Pipeline for Fully Convolutional SyncNet (FCN-SyncNet) AV Sync Detection
=======================================================================

This script demonstrates how to use the improved StreamSyncFCN model for audio-video synchronization detection on video files or streams.
It handles preprocessing, buffering, and model inference, and outputs sync offset/confidence for each input.

Usage:
    python run_fcn_pipeline.py --video path/to/video.mp4 [--pretrained path/to/weights] [--window_size 25] [--stride 5] [--buffer_size 100] [--use_attention] [--trace]

Requirements:
    - Python 3.x
    - PyTorch
    - OpenCV
    - ffmpeg (installed and in PATH)
    - python_speech_features
    - numpy, scipy
    - SyncNetModel_FCN.py in the same directory or PYTHONPATH

Author: R V Abhishek
"""

import argparse
from SyncNetModel_FCN import StreamSyncFCN
import os


def main():
    parser = argparse.ArgumentParser(description="FCN SyncNet AV Sync Pipeline")
    parser.add_argument('--video', type=str, help='Path to input video file')
    parser.add_argument('--folder', type=str, help='Path to folder containing video files (batch mode)')
    parser.add_argument('--pretrained', type=str, default=None, help='Path to pretrained SyncNet weights (optional)')
    parser.add_argument('--window_size', type=int, default=25, help='Frames per window (default: 25)')
    parser.add_argument('--stride', type=int, default=5, help='Window stride (default: 5)')
    parser.add_argument('--buffer_size', type=int, default=100, help='Temporal buffer size (default: 100)')
    parser.add_argument('--use_attention', action='store_true', help='Use attention model (default: False)')
    parser.add_argument('--trace', action='store_true', help='Return per-window trace (default: False)')
    parser.add_argument('--temp_dir', type=str, default='temp', help='Temporary directory for audio extraction')
    parser.add_argument('--target_size', type=int, nargs=2, default=[112, 112], help='Target video frame size (HxW)')
    parser.add_argument('--realtime', action='store_true', help='Enable real-time mode (minimal checks/logging)')
    parser.add_argument('--keep_temp', action='store_true', help='Keep temporary files for debugging (default: False)')
    parser.add_argument('--summary', action='store_true', help='Print summary statistics for batch mode (default: False)')
    args = parser.parse_args()

    logger = Logger(realtime=args.realtime)
    # Buffer/latency awareness and user guidance
    frame_rate = 25  # Default, can be parameterized if needed
    effective_latency_frames = args.window_size + (args.buffer_size - 1) * args.stride
    effective_latency_sec = effective_latency_frames / frame_rate
    if not args.realtime:
        logger.info("")
        logger.info("Buffer/Latency Settings:")
        logger.info(f"  Window size: {args.window_size} frames")
        logger.info(f"  Stride: {args.stride} frames")
        logger.info(f"  Buffer size: {args.buffer_size} windows")
        logger.info(f"  Effective latency: {effective_latency_frames} frames (~{effective_latency_sec:.2f} sec @ {frame_rate} FPS)")
        if effective_latency_sec > 2.0:
            logger.warning("High effective latency.
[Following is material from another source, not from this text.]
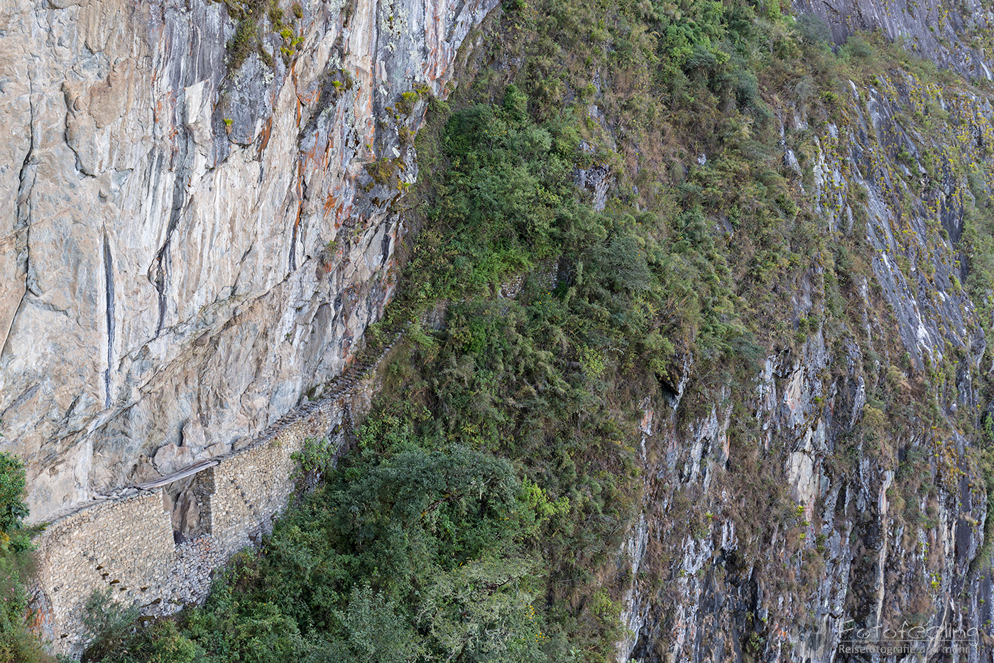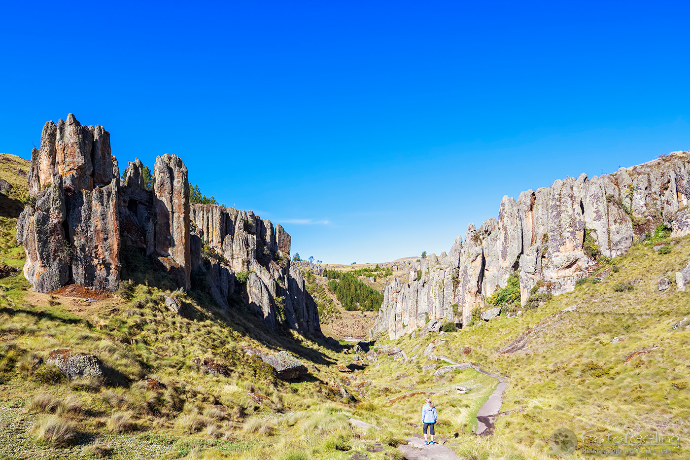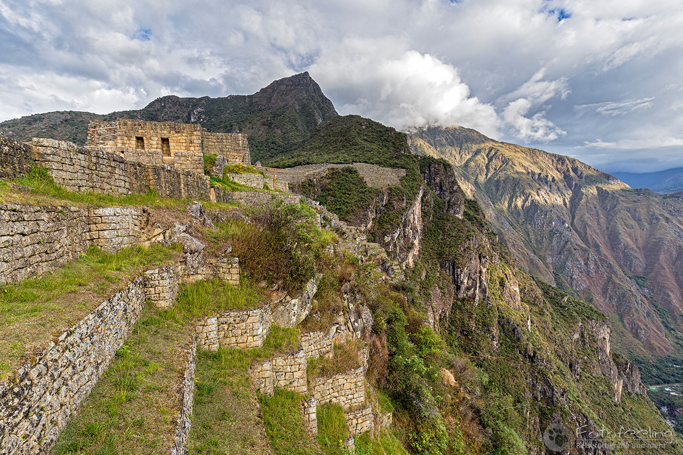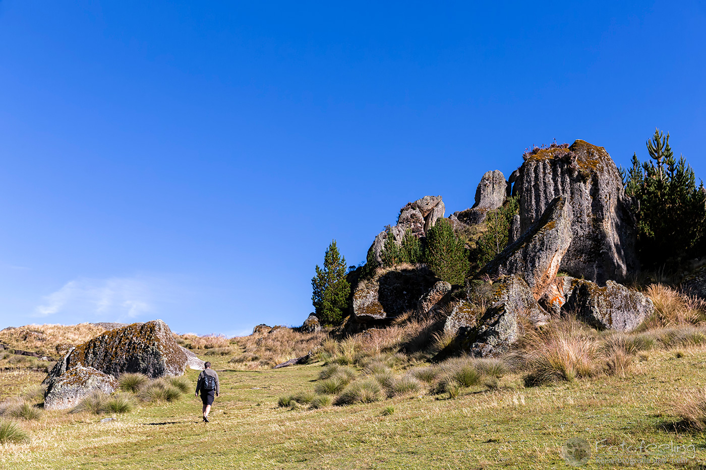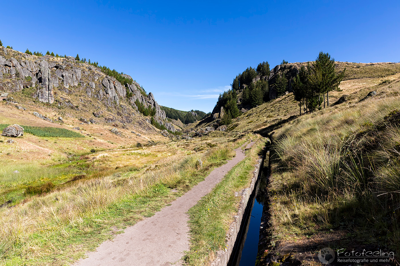 Der Weg war schon atemberaubend. Es ging stetig leicht bergauf und das in einer Höhe von über 3000 m. Nach einer Weile konnten wir die Festungsmauern erblicken. Sie waren von tiefhängenden Wolkenfetzen eingerahmt und es nieselte leicht. Ab und zu kam ein „Wolkenloch“ und die Umrisse der Mauern wurden etwas klarer. Ehrfurchtsvoll blieben wir stehen und betrachteten diese riesige Festungsanlage. Während die Augen die Mauern erkundeten, erwartete man fast, die Umrisse eines Chachapoya Kriegers zu erblicken, der nach Feinden Ausschau hält.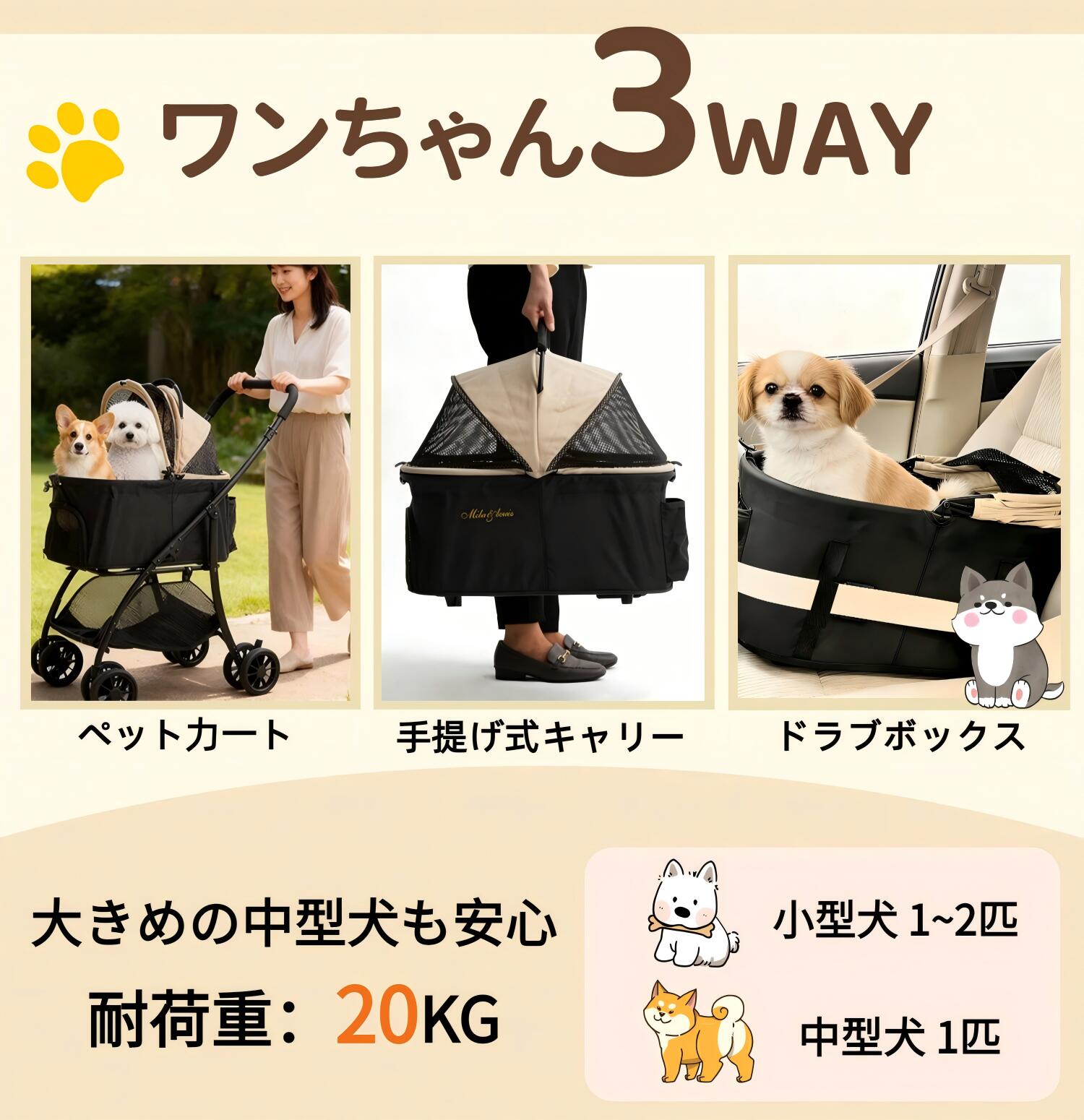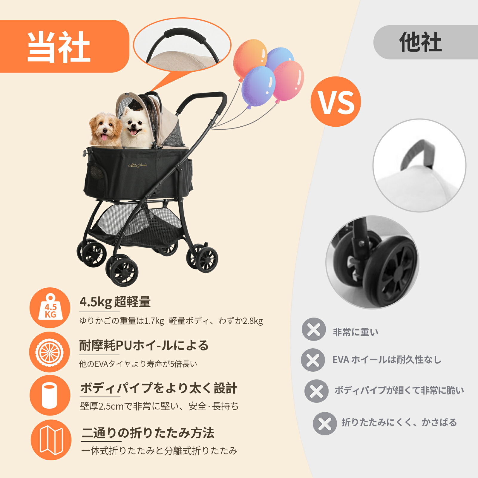 4.5KG 超軽量 ペットカート 3way MILA&LOUIS 分離型 折りたたみ 対面式 犬カート 多頭 小型犬 中型犬 軽量 犬用カート 4輪耐摩 人気 犬 バギー ドッ おすすめ

Consider reducing buffer size or stride for real-time applications.")

    import shutil
    import glob
    import csv
    temp_cleanup_needed = not args.keep_temp

    def process_one_video(video_path):
        # Real-time compatible input quality checks (sample only first few frames/samples, or skip if --realtime)
        if not args.realtime:
            import numpy as np
            def check_video_audio_quality_realtime(video_path, temp_dir, target_size):
                # Check first few video frames
                import cv2
                cap = cv2.VideoCapture(video_path)
                frame_count = 0
                max_check = 10
                while frame_count < max_check:
                    ret, frame = cap.read()
                    if not ret:
                        break
                    frame_count += 1
                cap.release()
                if frame_count < 3:
                    logger.warning(f"Very few video frames extracted in first {max_check} frames ({frame_count}). Results may be unreliable.")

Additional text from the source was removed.